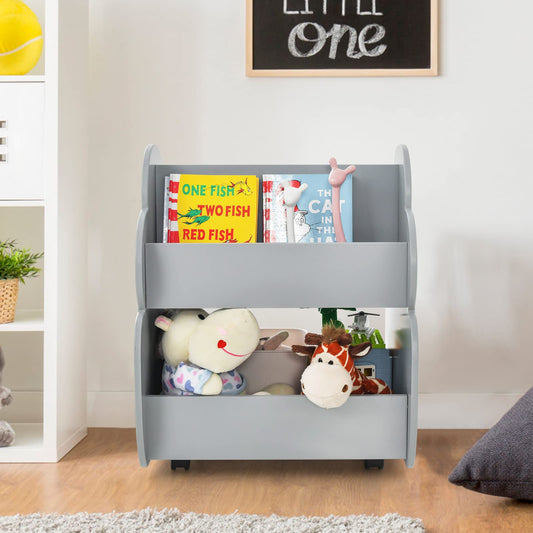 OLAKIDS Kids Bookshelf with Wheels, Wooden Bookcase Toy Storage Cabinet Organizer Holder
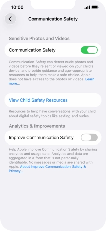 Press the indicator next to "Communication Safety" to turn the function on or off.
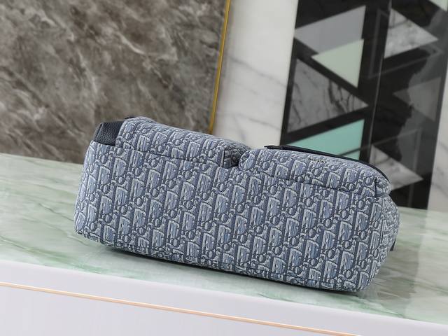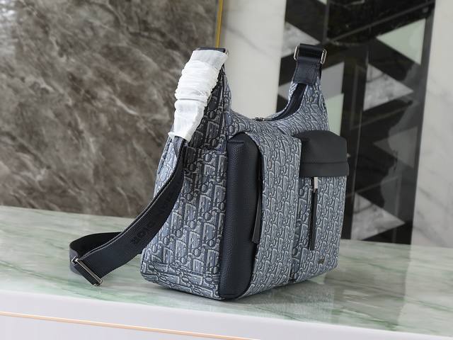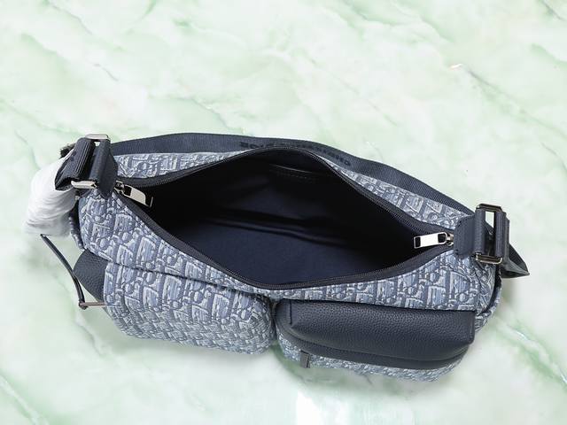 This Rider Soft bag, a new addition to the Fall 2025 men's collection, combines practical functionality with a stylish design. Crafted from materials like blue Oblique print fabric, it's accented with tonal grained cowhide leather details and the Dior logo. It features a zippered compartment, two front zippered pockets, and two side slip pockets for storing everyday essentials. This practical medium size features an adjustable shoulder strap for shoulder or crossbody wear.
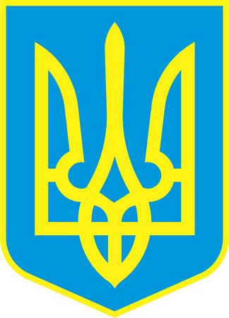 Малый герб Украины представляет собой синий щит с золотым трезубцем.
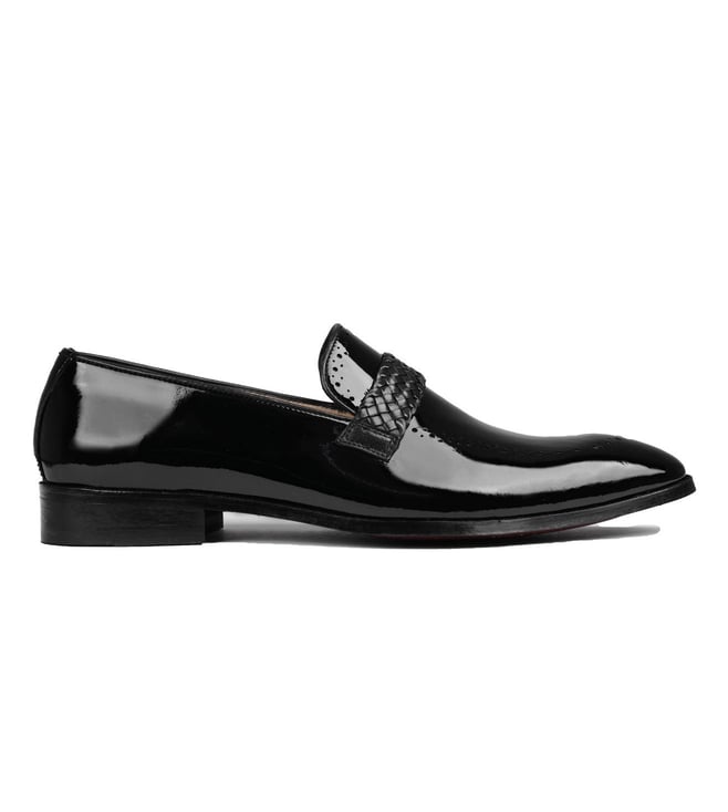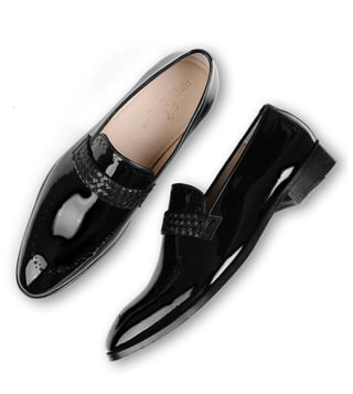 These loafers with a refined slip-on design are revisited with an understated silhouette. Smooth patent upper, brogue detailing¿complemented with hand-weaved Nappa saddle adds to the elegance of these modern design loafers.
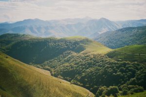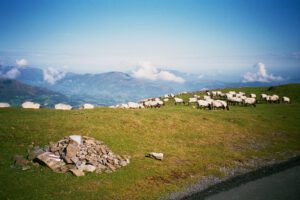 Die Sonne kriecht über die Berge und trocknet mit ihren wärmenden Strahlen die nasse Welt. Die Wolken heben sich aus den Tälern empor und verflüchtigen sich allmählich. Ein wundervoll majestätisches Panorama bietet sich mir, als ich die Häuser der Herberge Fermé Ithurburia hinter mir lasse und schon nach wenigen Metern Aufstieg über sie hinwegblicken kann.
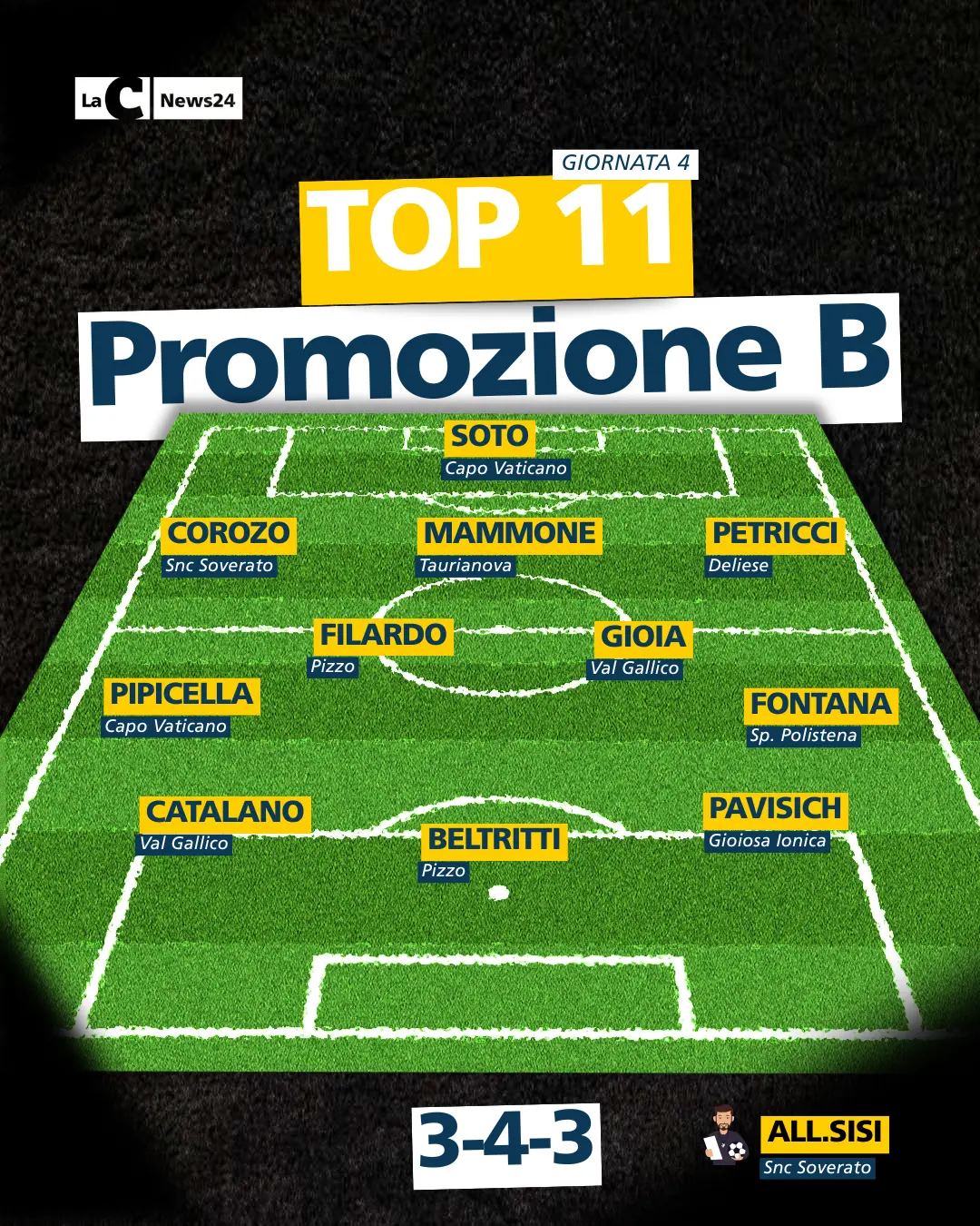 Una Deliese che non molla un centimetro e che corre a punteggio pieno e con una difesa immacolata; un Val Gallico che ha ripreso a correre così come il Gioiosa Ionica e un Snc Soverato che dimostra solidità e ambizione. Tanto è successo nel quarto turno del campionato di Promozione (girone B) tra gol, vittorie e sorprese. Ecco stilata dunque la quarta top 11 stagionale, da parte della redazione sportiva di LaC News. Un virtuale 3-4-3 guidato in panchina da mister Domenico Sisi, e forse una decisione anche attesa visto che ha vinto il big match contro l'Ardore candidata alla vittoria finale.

* * *

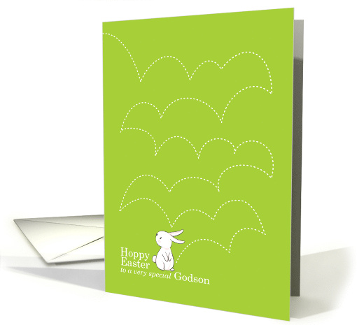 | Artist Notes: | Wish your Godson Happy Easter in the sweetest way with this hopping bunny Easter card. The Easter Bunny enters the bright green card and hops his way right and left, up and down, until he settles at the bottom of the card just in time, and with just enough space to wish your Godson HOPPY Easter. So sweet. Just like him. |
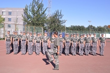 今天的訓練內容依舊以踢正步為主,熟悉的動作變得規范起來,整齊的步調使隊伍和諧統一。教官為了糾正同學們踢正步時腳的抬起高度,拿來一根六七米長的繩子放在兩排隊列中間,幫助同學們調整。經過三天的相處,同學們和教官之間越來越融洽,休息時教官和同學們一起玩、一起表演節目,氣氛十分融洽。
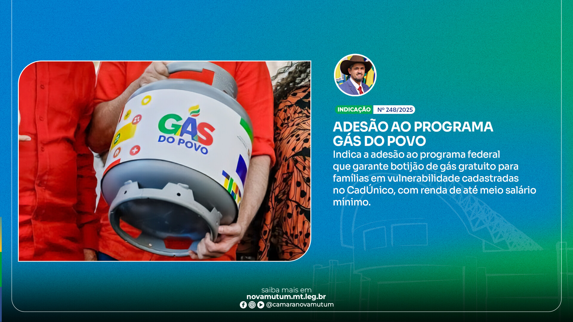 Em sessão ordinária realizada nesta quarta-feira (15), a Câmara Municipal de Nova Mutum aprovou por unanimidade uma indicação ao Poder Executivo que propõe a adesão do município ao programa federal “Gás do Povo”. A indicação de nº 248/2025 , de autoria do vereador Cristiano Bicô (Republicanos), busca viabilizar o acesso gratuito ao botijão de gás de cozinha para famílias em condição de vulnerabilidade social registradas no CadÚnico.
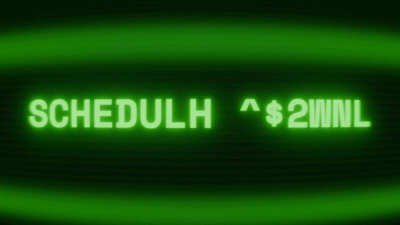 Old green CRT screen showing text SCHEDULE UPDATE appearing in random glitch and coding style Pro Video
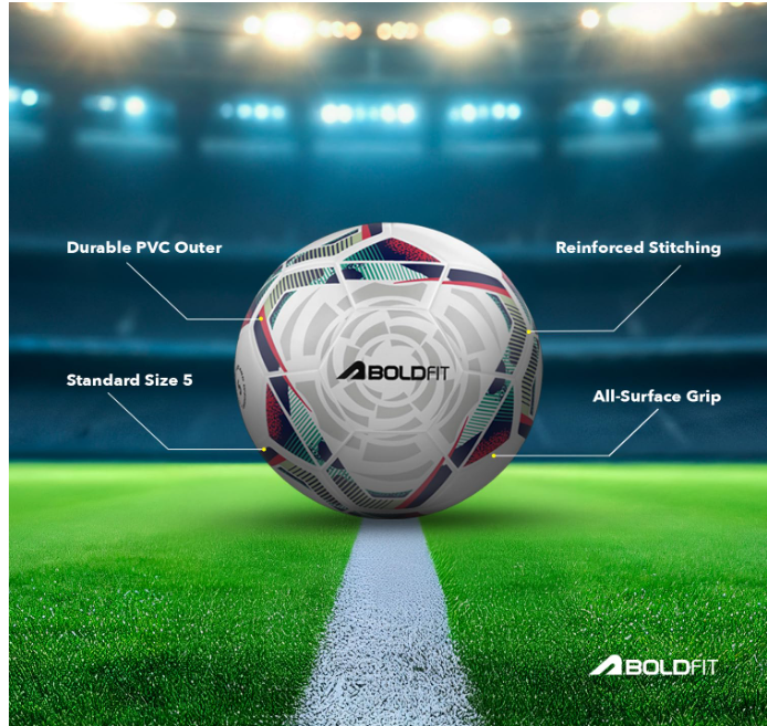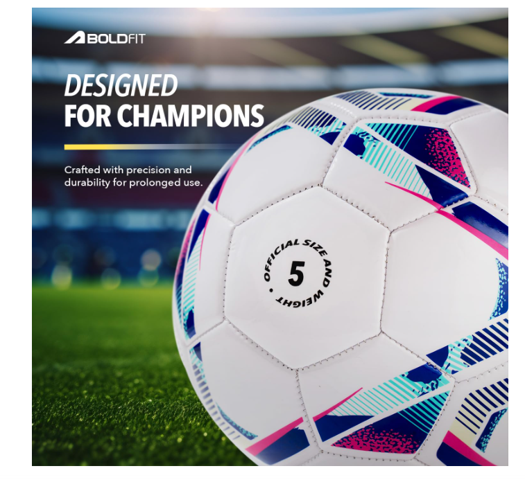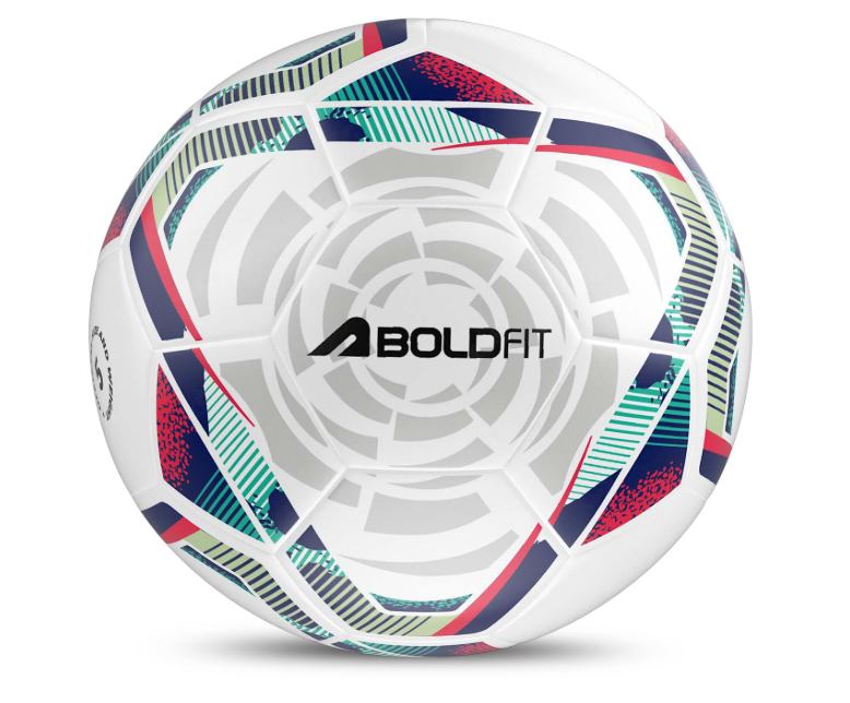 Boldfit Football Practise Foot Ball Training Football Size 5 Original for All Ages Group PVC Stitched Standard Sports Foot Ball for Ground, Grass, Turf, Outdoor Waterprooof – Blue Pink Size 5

* * *

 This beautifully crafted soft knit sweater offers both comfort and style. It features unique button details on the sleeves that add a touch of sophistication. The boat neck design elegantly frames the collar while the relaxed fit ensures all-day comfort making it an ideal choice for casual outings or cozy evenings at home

■ The task
When you reach the line with "Old green CRT" in the records above, begin repeating the lines exactly, and stop after the line with "Boldfit Football Practise". Skip all pictures.

■ Response area
 Old green CRT screen showing text SCHEDULE UPDATE appearing in random glitch and coding style Pro Video
 Boldfit Football Practise Foot Ball Training Football Size 5 Original for All Ages Group PVC Stitched Standard Sports Foot Ball for Ground, Grass, Turf, Outdoor Waterprooof – Blue Pink Size 5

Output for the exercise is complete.